For anyone familiar with Kanban, you'll notice one thing lacking on my board: WIP limits. That's work-in-progress limits, for those not familiar with Kanban, and the idea is that, in order to focus on the tasks at hand, you limit the amount of work you're doing at any stage, and you don't pull something else into that stage until there's a free spot. I haven't found a good balance here, and I think that's because of mixing different types of tasks. If I set a WIP limit of 2 for Now, and have two work tasks going, I have no room for anything else. While that may be just fine with my boss, I still have other commitments in other areas. So either I'm constantly moving tasks in and out based on what type of task I'm trying to do, or I do without hard limits. Moving them around all the time means more administration. Too much friction from the tool, and history tells me I'll eventually stop using it. So far, it's been a couple months and I haven't missed a day without checking my board. Ok, I may have missed a Saturday here or there, but that's about it. And I'd say I haven't been dropping tasks like I used to, which is the main goal of all of this, right? I do have soft limits in my mind.
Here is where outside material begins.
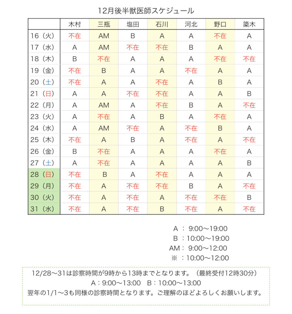 こんにちは!12月後半の獣医師スケジュールについて訂正があります。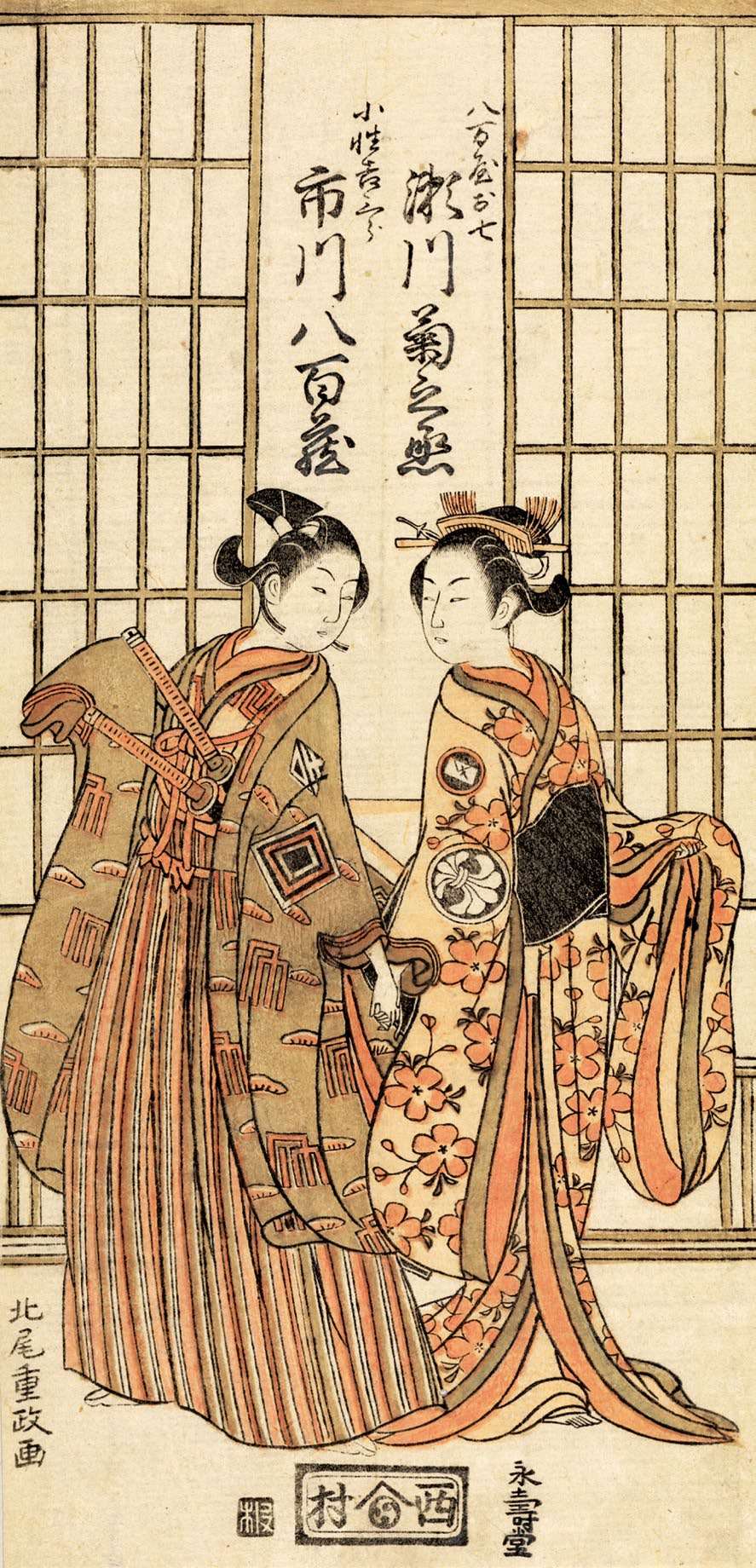 北尾重政 赖川菊之丞的八百屋阿七和市川八百藏饰演的小姓吉三良 红摺绘

I try to limit work tasks to 2, personal tasks to 2 or 3, blogging to 1 and Develomatic tasks to 2. Although, even that's not a hard limit because a lot of times I try to batch up a bunch of small unrelated tasks and just knock them out.

Anyway, that's how I've been doing Personal Kanban. Doing something similar, but better? Let me know in the comments!

Full disclosure: As a member of The Lounge, I received a free Personal membership to Zen. Having said that, everything I'm doing for my personal kanban board can be done with the free account.